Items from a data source
++++

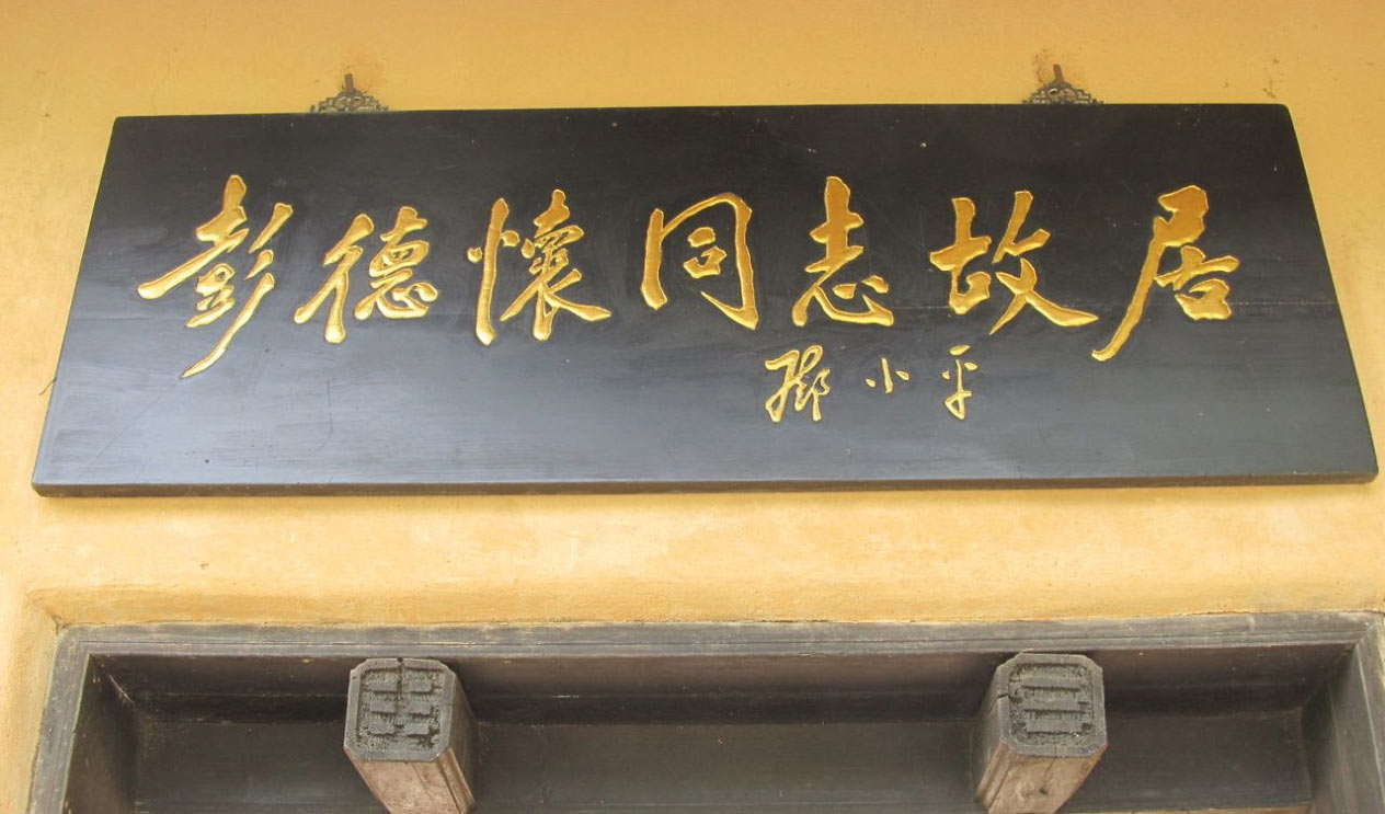 走过轩敞的三合土地坪,便是正屋。堂屋门楣上,嵌着祁阳石雕刻的横额门匾,邓小平所书“彭德怀同志故居”七字,金光熠熠,耀眼生辉。堂屋正中,挂着彭德怀身穿元帅服,显得十分威严而安详的巨幅彩色照片;两边墙上,列有他的生平主要活动年表。
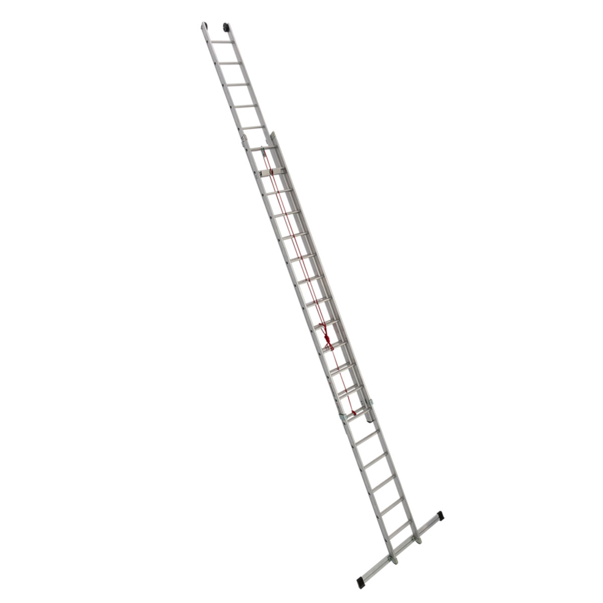 Alu-Seilzugleiter 2-teilig mit 2×18 Sprosseneuroline – der sichere AufstiegDiese Seilzugleiter ist eine der besten Lösungen für jeden, der sehr hoch hinaus will. Besonders Handwerker wie Dachdecker, Elektriker oder Hausmeister arbeiten gerne mit dieser Art von Leitern an hohen Gebäuden oder Baustellen. Obwohl sie sehr lang ist, lässt sie sich mit dem Seil, ganz einfach von einer Person ohne großen Kraftaufwand nach oben ausziehen. Wenn an Wänden gearbeitet werden soll, erleichtern die Wandlaufrollen zusätzlich das Ausziehen der 2-teiligen Anlegeleiter und schonen gleichzeitig die Wand vor Beschädigungen. Fallhaken sorgen für schnelles und einfaches Feststellen an jeder Sprosse. Sprossenabstand 280 mm Breite Quertraverse für sicheren StandVon Sprossen zu Sprosse mit Seil (Ø 12 mm) ausziehbarVollflächig aufliegender FallhakenWaagerechte Auftrittsfläche für sicheren und ermüdungsfreien S…
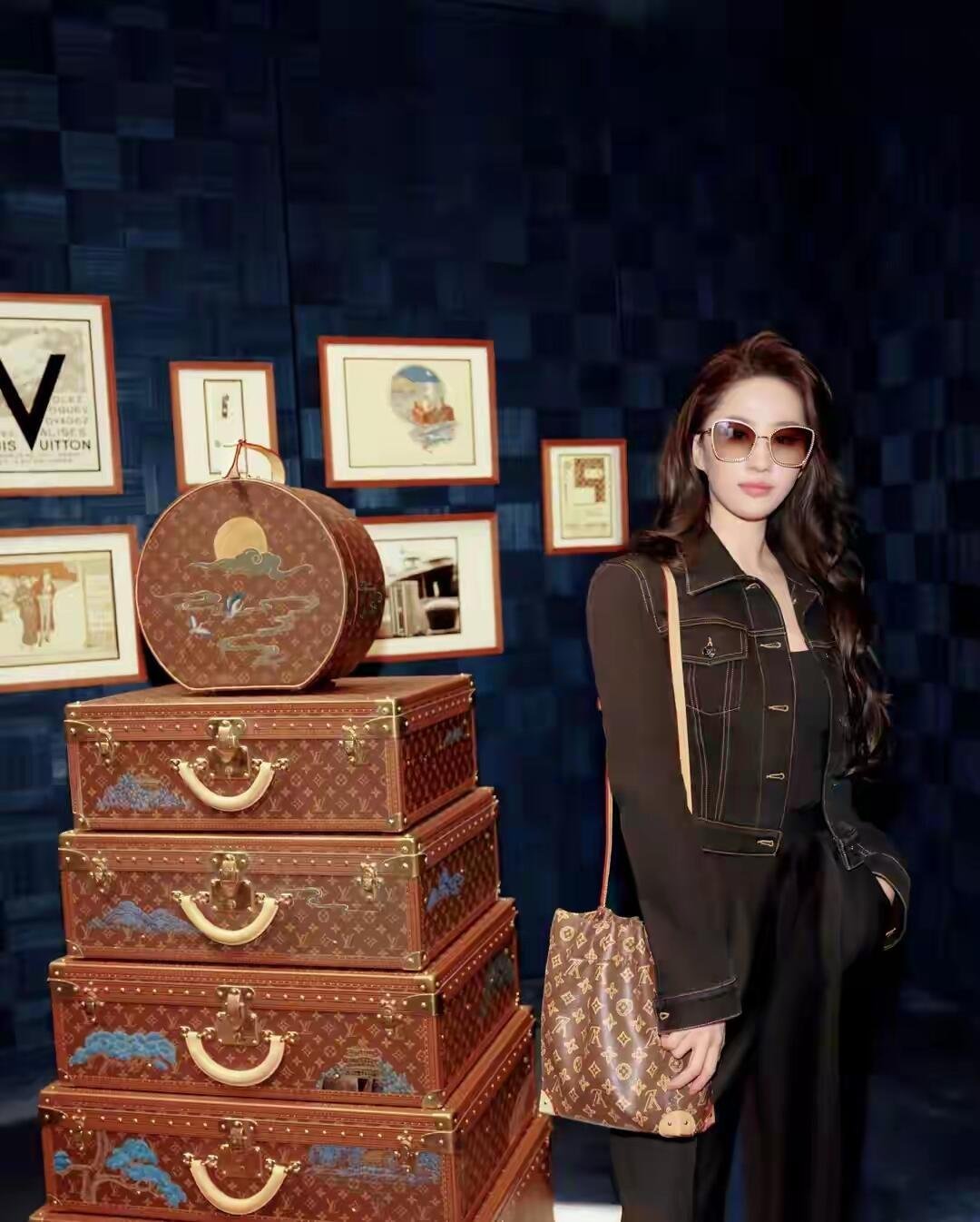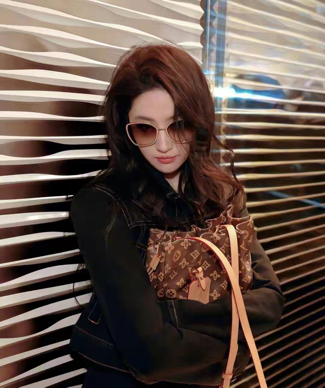 刘亦菲黑色牛仔套装,白色锁边添了一抹俏皮,搭配红色帽子更显灵动。
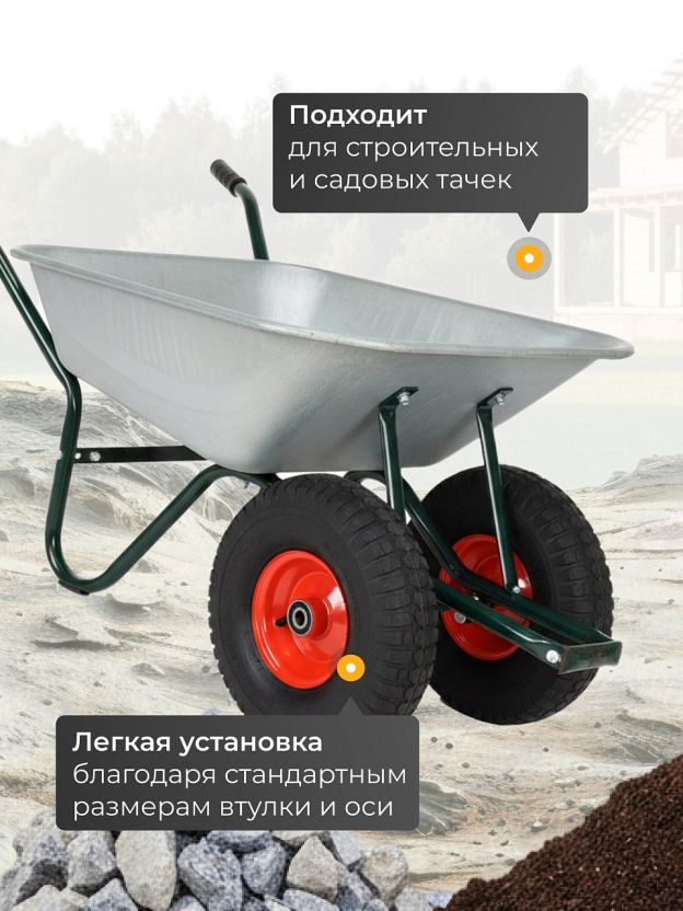 - Универсальный размер: диаметр колеса 250 мм, втулка D20 мм, толщина 80 мм — подходит для большинства садовых и строительных тачек;
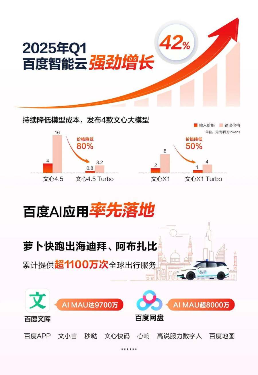 作为早早布局AI云的企业,百度智能云的表现尤为亮眼,一季度同比增速达42%。相比于Google的28%、微软的20%、阿里的18%,势头颇猛。
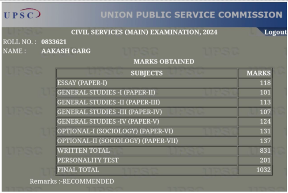 - Aakash Garg’s UPSC CSE 2024 Mark sheet
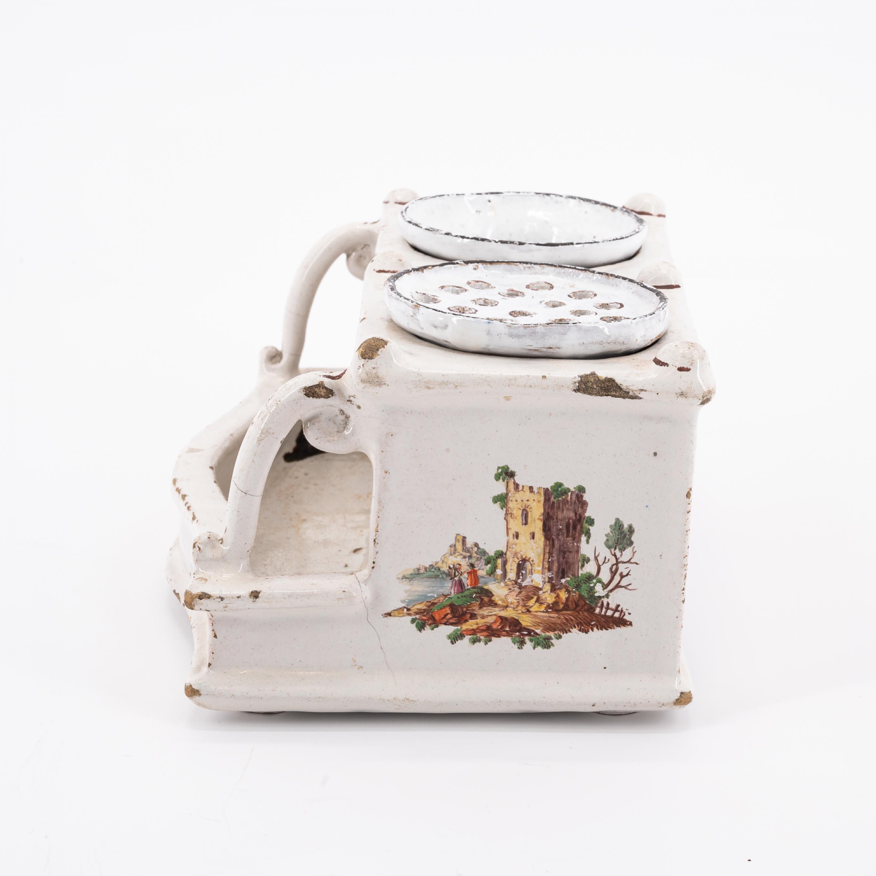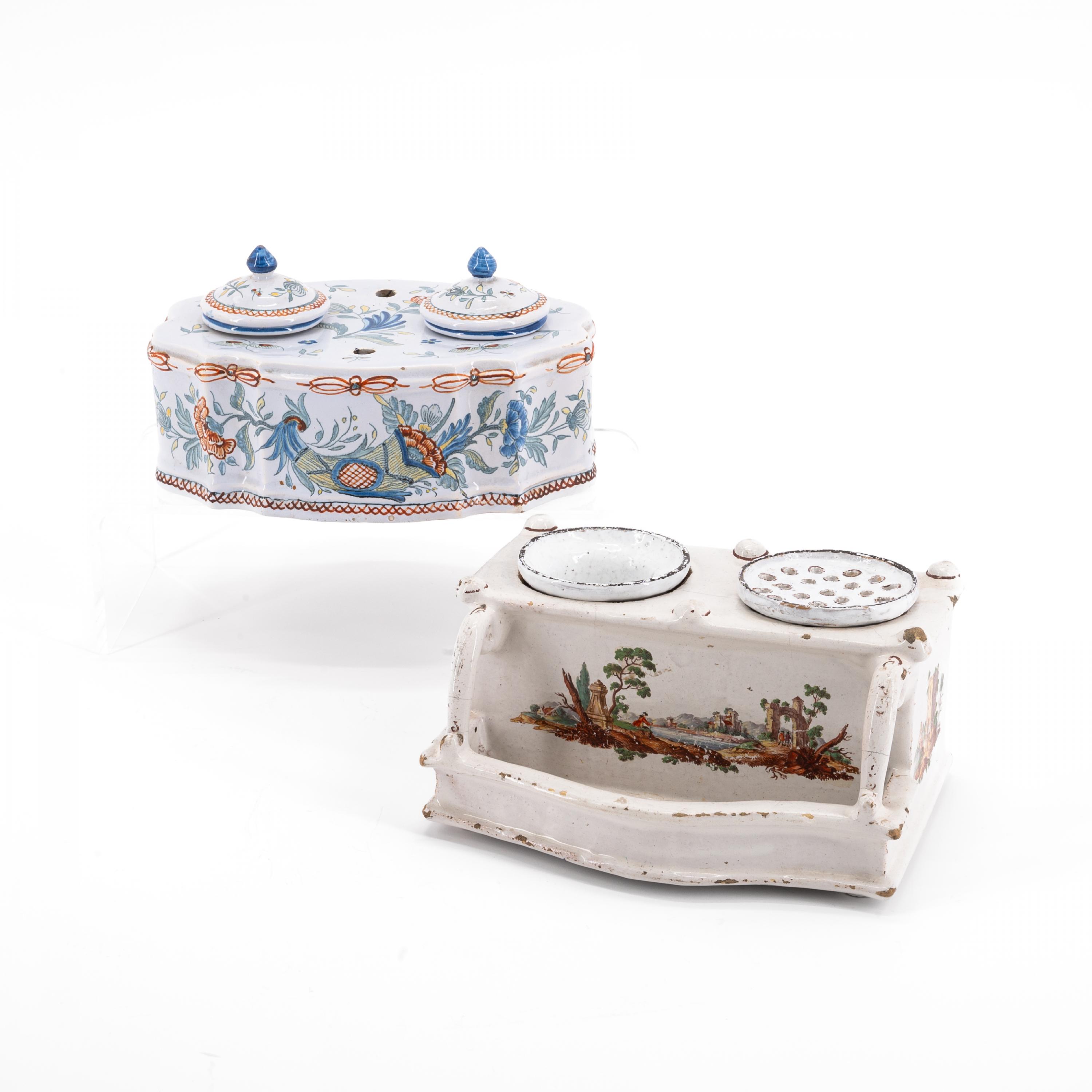 Technik: Fayence, lichtblaue bzw. leicht grau-weiße Glasur mit farbigen Dekoren .

++++

## AIM OF THE TASK
The data above should be set down again exactly, with the pictures omitted.

## EXPECTED ANSWER
 走过轩敞的三合土地坪,便是正屋。堂屋门楣上,嵌着祁阳石雕刻的横额门匾,邓小平所书“彭德怀同志故居”七字,金光熠熠,耀眼生辉。堂屋正中,挂着彭德怀身穿元帅服,显得十分威严而安详的巨幅彩色照片;两边墙上,列有他的生平主要活动年表。
 Alu-Seilzugleiter 2-teilig mit 2×18 Sprosseneuroline – der sichere AufstiegDiese Seilzugleiter ist eine der besten Lösungen für jeden, der sehr hoch hinaus will. Besonders Handwerker wie Dachdecker, Elektriker oder Hausmeister arbeiten gerne mit dieser Art von Leitern an hohen Gebäuden oder Baustellen. Obwohl sie sehr lang ist, lässt sie sich mit dem Seil, ganz einfach von einer Person ohne großen Kraftaufwand nach oben ausziehen. Wenn an Wänden gearbeitet werden soll, erleichtern die Wandlaufrollen zusätzlich das Ausziehen der 2-teiligen Anlegeleiter und schonen gleichzeitig die Wand vor Beschädigungen. Fallhaken sorgen für schnelles und einfaches Feststellen an jeder Sprosse. Sprossenabstand 280 mm Breite Quertraverse für sicheren StandVon Sprossen zu Sprosse mit Seil (Ø 12 mm) ausziehbarVollflächig aufliegender FallhakenWaagerechte Auftrittsfläche für sicheren und ermüdungsfreien S…
 刘亦菲黑色牛仔套装,白色锁边添了一抹俏皮,搭配红色帽子更显灵动。
 - Универсальный размер: диаметр колеса 250 мм, втулка D20 мм, толщина 80 мм — подходит для большинства садовых и строительных тачек;
 作为早早布局AI云的企业,百度智能云的表现尤为亮眼,一季度同比增速达42%。相比于Google的28%、微软的20%、阿里的18%,势头颇猛。
 - Aakash Garg’s UPSC CSE 2024 Mark sheet
 Technik: Fayence, lichtblaue bzw. leicht grau-weiße Glasur mit farbigen Dekoren .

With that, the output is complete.